Como saben, habíamos convenido dedicar estos encuentros a cuestiones relacionadas con el amor, que es ni más ni menos que uno de los temas fundamentales en la historia de la humanidad. Por amor se han llevado a cabo hazañas, traiciones, sacrificios personales y guerras.
Pero, lejos de esas epopeyas, para abrir este capítulo me voy a permitir contarles una experiencia personal.
Hace algunos años, por cuestiones laborales, hice un viaje a París que, como todos saben, es una de las ciudades más bellas del mundo. Allí se puede caminar por los puentes del Sena, ver la Torre Eiffel, recorrer la Catedral de Notre-Dame, el barrio de Montmartre, el museo del Louvre y muchas otras maravillas. Pero lo cierto es que mi deseo era otro: quería visitar el cementerio de Pére Lachaise.

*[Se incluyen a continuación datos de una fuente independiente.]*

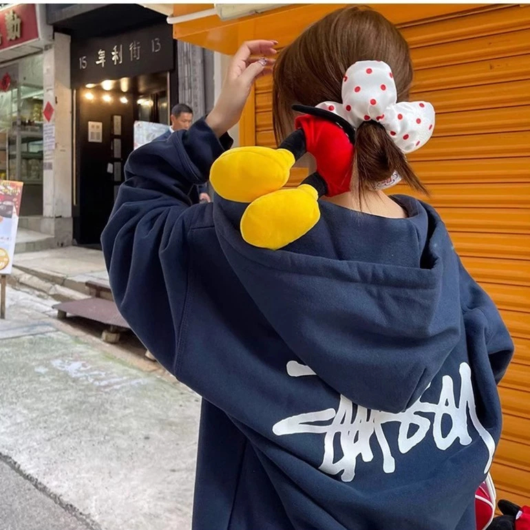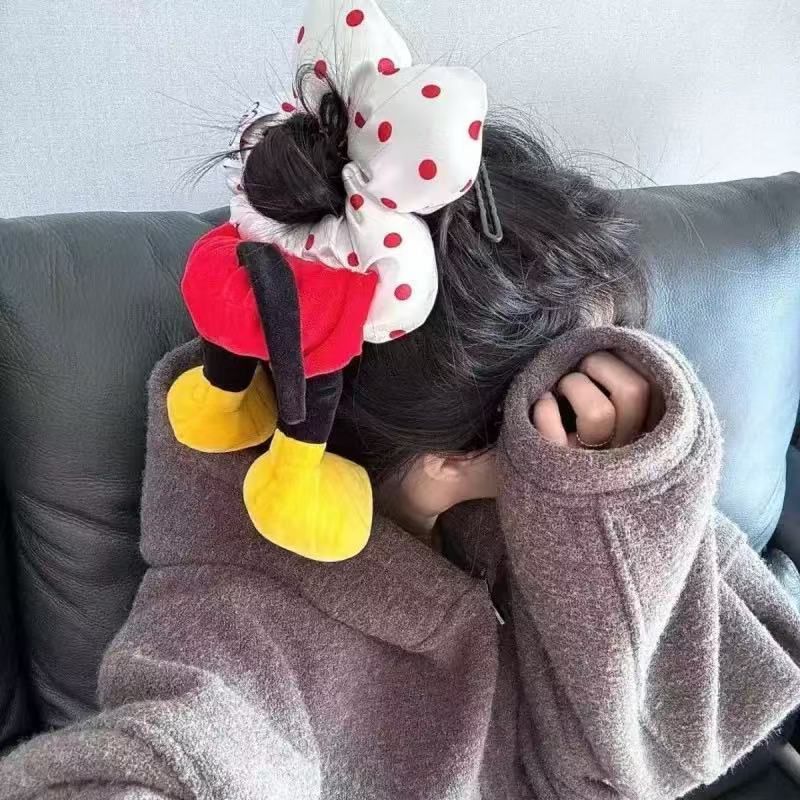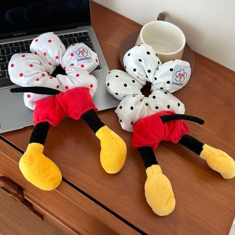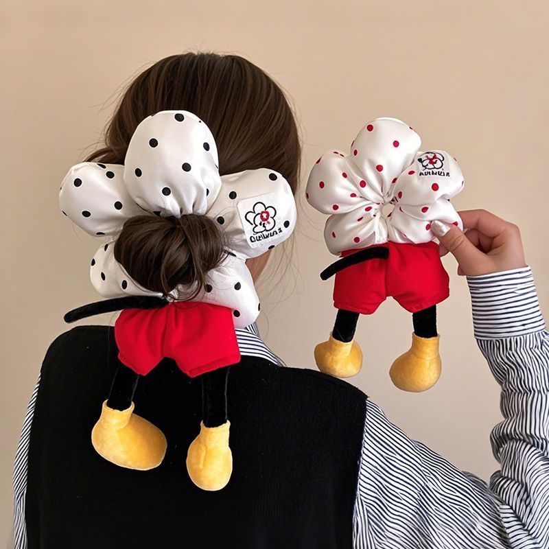 Ikat Rambut Scrunchie Motif Bunga Mickey Mouse Karet Rambut Premium Lucu Jumbo

A los que no lo conozcan, les cuento que es un lugar muy concurrido al que va gente de todas partes para rendirles homenaje a algunos «muertos ilustres» como Chopin, Edith Piaf o Jim Morrison, por nombrar sólo algunos. En mi caso, quería dejar una flor sobre la tumba de Oscar Wilde.
Alguno se preguntará el porqué de este anhelo. Bien, lo cierto es que yo tendría trece o catorce años cuando leí
El retrato de Dorian Gray
, y a partir de esa lectura ya no volví a pensar acerca del amor de la misma manera que antes.

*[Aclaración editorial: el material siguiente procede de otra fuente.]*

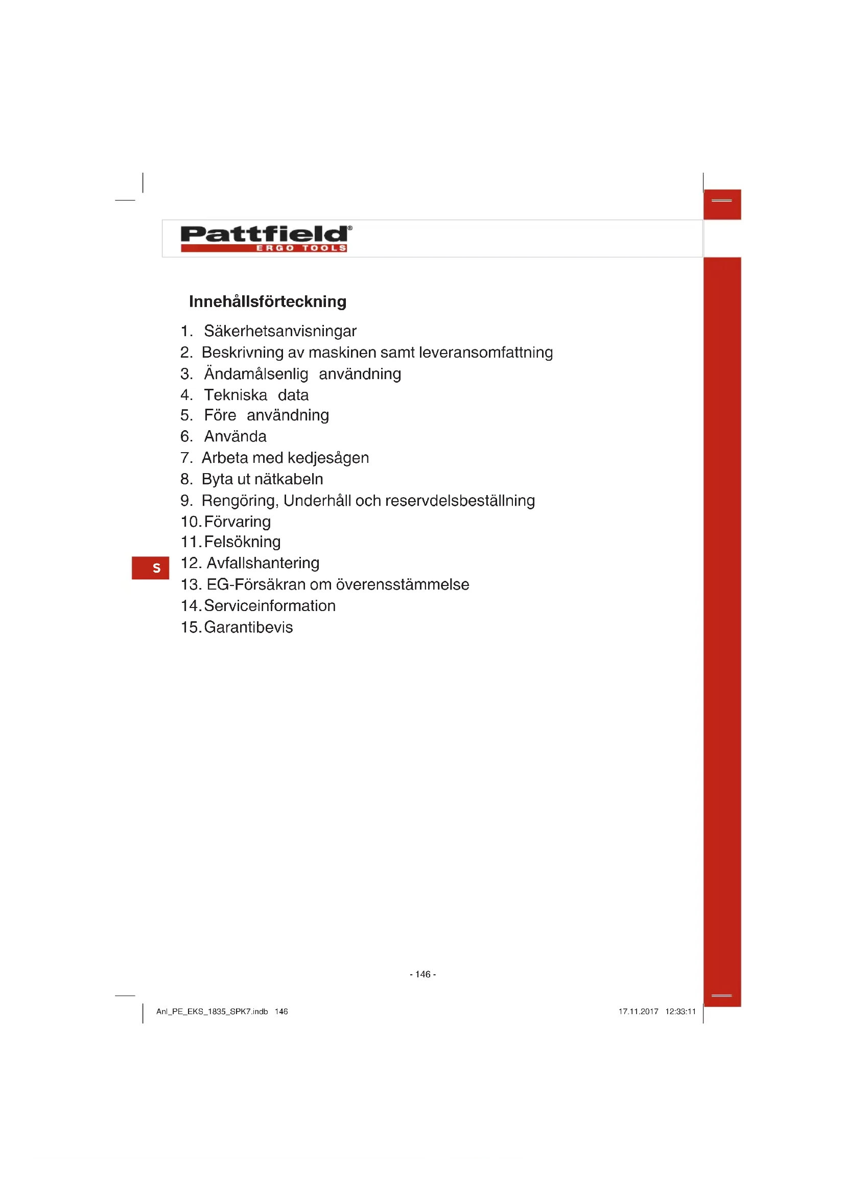 Den överkryssade soptunnan innebär att elektronisk och elektrisk utrustning (WEEE) ska avfallshanteras separat. Elektrisk och elek- tronisk utrustning kan innehålla farliga och skadliga ämnen. Dessa verktyg måste lämnas till miljöstation för återvinning av elektronik- och elskrot och får inte slängas i osorterat kommunalt avfall. Genom att göra detta hjälper du till att bevara resurserna och skydda miljön. Kontakta din återförsäljare eller lokala myndigheter för mer informati- on. Låt inte barn leka med plastpåsar eller annat förpackningsmaterial eftersom kvävningsfara och fara för andra skador föreligger. Förvara allt sådant material på säker plats eller lämna till miljövänlig återvin- ning. Med förbehåll för tekniska ändringar. Anl_PE_EKS_1835_SPK7.indb 173Anl_PE_EKS_1835_SPK7.indb 173 17.11.2017 12:33:1417.11.2017 12:33:14S
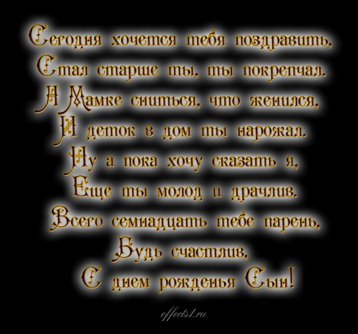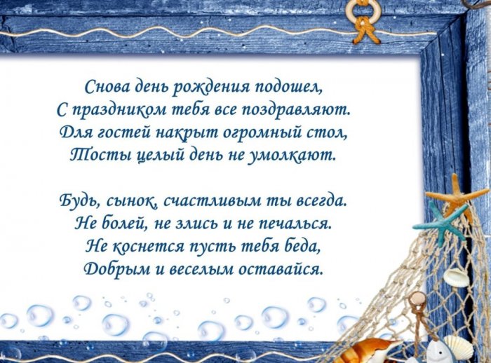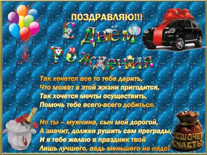 С днем рождения, сыночек!Говори все мысли счастливым былПусть каждый твой рождения 22 года рождения 11 летТренируй свое тело, дух,Чтоб просто ты — самой главной наградой.21 год (1000x1000) Поздравления с днём Поздравление с днем Дольше оставайся молодым,в судьбе.Для мамы своей 19 лет (939x941) С днём рождения леттебя, сын,От разных передряг Поддержкой друзьям, близким людям — отрадой,

Ustedes saben que Oscar Wilde fue un hombre que padeció mucho por amor. Fue homosexual en una época en la que la homosexualidad era considerada no sólo un pecado por la religión y una degeneración por la medicina, sino también un delito. Además, se enamoró de un hombre que no le ahorró ninguna crueldad, y sin embargo, escribió cosas maravillosas acerca del amor; párrafos llenos de ironía e inteligencia.
Como dije, era apenas un adolescente cuando leí
El retrato de Dorian Gray
, y sucedió que con el tiempo me di cuenta de que recordaba una novela diferente de la que es. Por eso, cuando conversando sobre ella con algunos amigos percibí que hablábamos de obras distintas, supe que tenía que leerla nuevamente. Y así lo hice, siendo ya un adulto, y resultó que había muchísimas cosas que en su momento no había registrado y que eran fundamentales en la trama.

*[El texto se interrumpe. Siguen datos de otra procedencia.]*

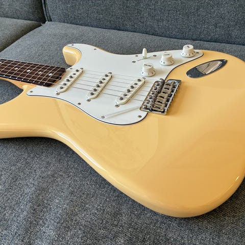 Halsen er byttet til en Fender Mexico maple neck fra 2018 (MX18-serienummer). Spiller veldig bra og føles smooth og deilig.
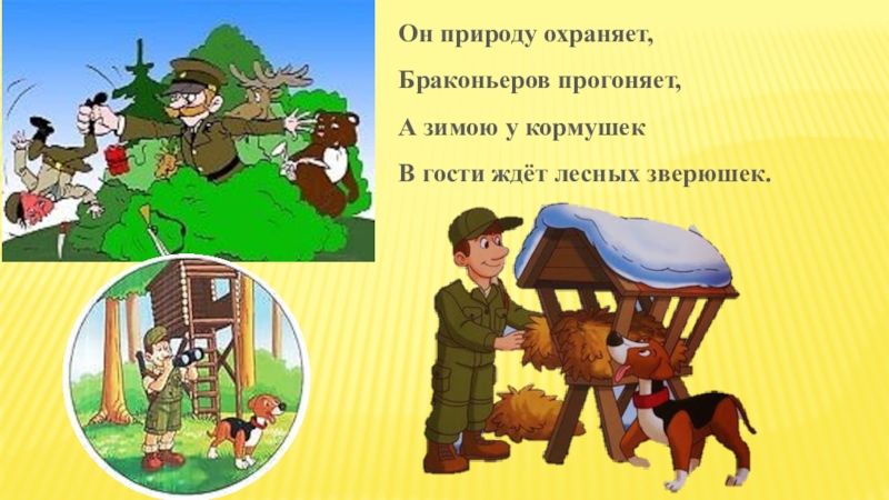 Он природу охраняет,Браконьеров прогоняет,А зимою у кормушекВ гости ждёт лесных зверюшек.

Por ejemplo, todo el fuerte contenido de erotismo homosexual que hay en los primeros capítulos yo ni lo había percibido siquiera. Eso es lo que se llama represión; es un mecanismo de defensa del que ya hablamos en encuentros anteriores. Y esta represión tuvo que ver, sin duda, con la edad en la cual la había leído.
La adolescencia es una etapa en la que se está definiendo la personalidad pero, sobre todo, la identidad sexual de un sujeto. Por eso, no me resultó raro que en un momento evolutivo tan crítico, haya habido cosas que preferí no ver. Quizá porque me hayan asustado, no lo sé. En ese tiempo aún no me analizaba.
Podría decir, parafraseando a Heráclito, que nadie lee dos veces la misma novela; ya sea porque uno no es el mismo o porque los libros, como los ríos, cambian con el tiempo.